Juan Botas, School, 1989
Esta entrevista no Público, à volta dos resultados de um inquérito sobre o estilo de vida dos adolescentes, é um repositório de lugares comuns, em consonância com as banalidades em que repousam as actuais políticas educativas. O momento culminante dá-se quando a entrevistada, a investigadora Margarida Gaspar de Matos, afirma: “Parece que o ensino está todo virado para a nota em vez de
para o conhecimento académico e das pessoas. E isto é uma escola muito
punitiva. É uma escola que existe para enfardar conhecimento e não para fazer
com que as pessoas desabrochem do ponto de vista da cultura e do conhecimento
do meio.”
Deixemos de lado o lirismo do desabrochar e a elegância de enfardar conhecimento. Onde é que este género de pensamento acha que os professores vão buscar as notas que dão? Não há, a não ser na imaginação destas pessoas, qualquer conflito entre nota e conhecimento académico. Quanto mais conhecimento académico os alunos adquirem melhores são as suas notas. Na verdade, o que está a ser dito - sem haver percepção disso - é que a escola é muito punitiva porque exige conhecimento académico aos alunos. Este falso dilema, que opõe classificação escolar e conhecimento académico, funciona, objectivamente, para ocultar o real problema que existe na escola e na sociedade. Curioso é que o inquérito mostra o problema, mas a ideologia não o deixa ver.
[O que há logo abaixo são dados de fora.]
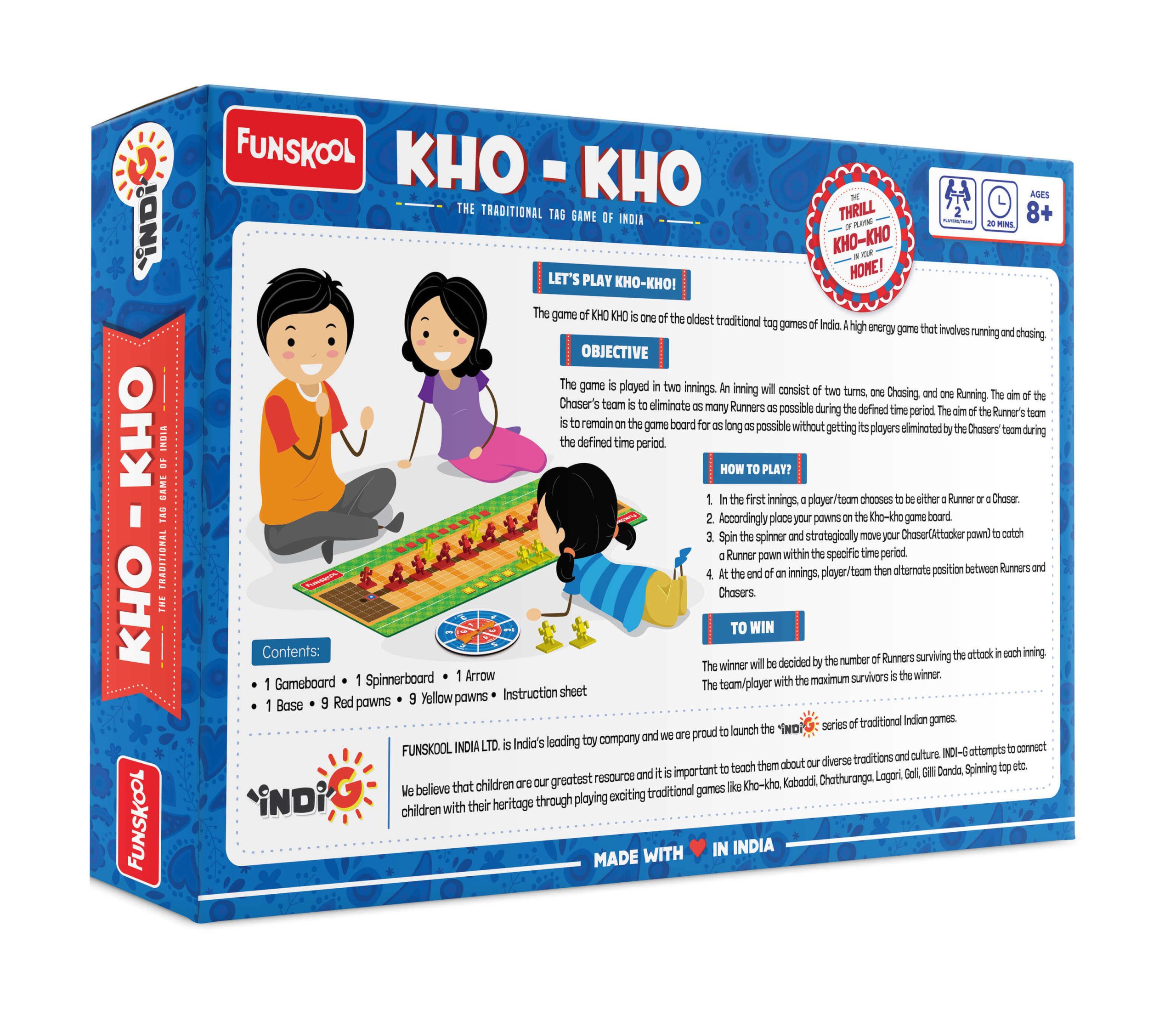 Kho Kho is a board game based on a tag game popular in India. This is an abstract game for 2 players or teams which closely simulates the real game.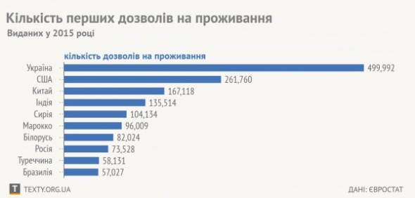 За минулий рік українці отримали найбільше посвідок на проживання у країнах Євросоюзу. На другому місці — громадяни США, далі китайці.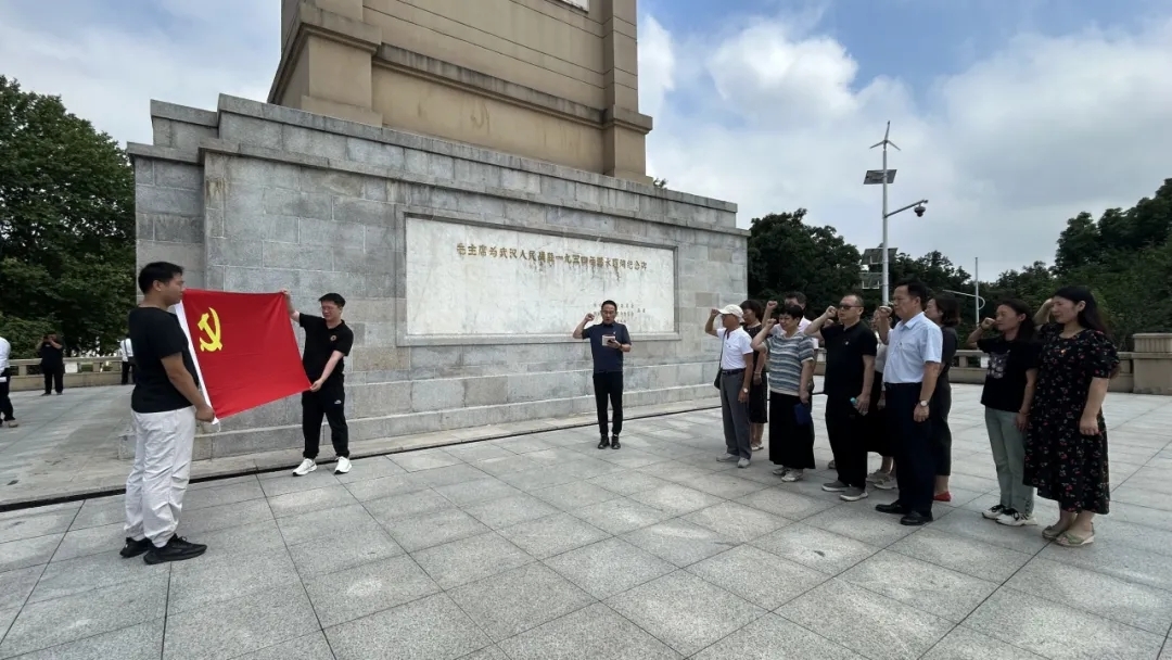 随后,党员们怀着崇敬的心情,来到了伫立在江边的武汉防汛纪念碑前。这座为纪念1954年防汛胜利而建的丰碑,承载着厚重历史记忆,是武汉人民战胜自然灾害的精神象征。碑身正面嵌着乳白色大理石,镌刻毛泽东亲笔题词,苍劲字迹重现抗洪岁月。碑身两侧的浮雕,栩栩如生地展现武汉人民与洪水顽强抗争的震撼场景,彰显了人民群众团结一心、众志成城的磅礴力量。在这意义非凡的地方,全体党员庄严肃立,面向鲜红的党旗,郑重地举起右手,重温入党誓词。誓言铮铮,响彻江畔,这不仅是对党的庄严承诺,更是对先辈们抗洪精神的传承与发扬。

Vejamos os dados. Quase 30% dos alunos não gostam da escola. Quase 52% consideram-se maus alunos. Mais de 45% não pretende fazer estudos superiores. E, para completar a imagem, os dados referentes à relação dos alunos com os conteúdos curriculares: mais de 87% dos alunos julgam-nos excessivos; quase 85% classificam esses conteúdos como aborrecidos; 82% taxam as matérias como difíceis. O que isto mostra é a profunda desadequação dos adolescentes com as exigências do conhecimento académico. As notas são um bode expiatório de uma realidade que não se quer ver.
Há em Portugal - e, de forma impressionante, nas crianças e jovens em idade escolar - uma cultura adversa à aprendizagem e às exigências do conhecimento académico. Os governos - e este com especial requinte - e certo tipo de investigadores (ideologicamente orientados) atribuem todos os males ora à escola, ora aos professores. De preferência, a ambos. A verdade, porém, é que a cultura contra-académica dos alunos - a qual tem um forte suporte social - é o principal obstáculo ao prazer de aprender, ao desenvolvimento de competências académicas e à obtenção desse conhecimento académico, que a escola tem por missão fazer adquirir aos alunos.
Enquanto se negar esta realidade, a situação só vai piorar. A não ser que a escola se transforme num parque de diversões, os currículos sejam constituídos por irrelevâncias flexíveis, as classificações desapareçam e a prestação de provas (exames) seja abolida. Assim, a coisa não piora porque deixa de existir. Enquanto se fizer das notas um bode expiatório, o país não enfrentará um problema, o da cultura adversa à escolaridade, que existe desde há muito, mas que se tornou patente quando começou a ser exigido uma grau elevado de formação académica a toda a população. Podemos levar as notas ao altar e sacrificá-las aos deuses, mas isso não vai tornar os alunos mais conhecedores e mais capazes. Pelo contrário.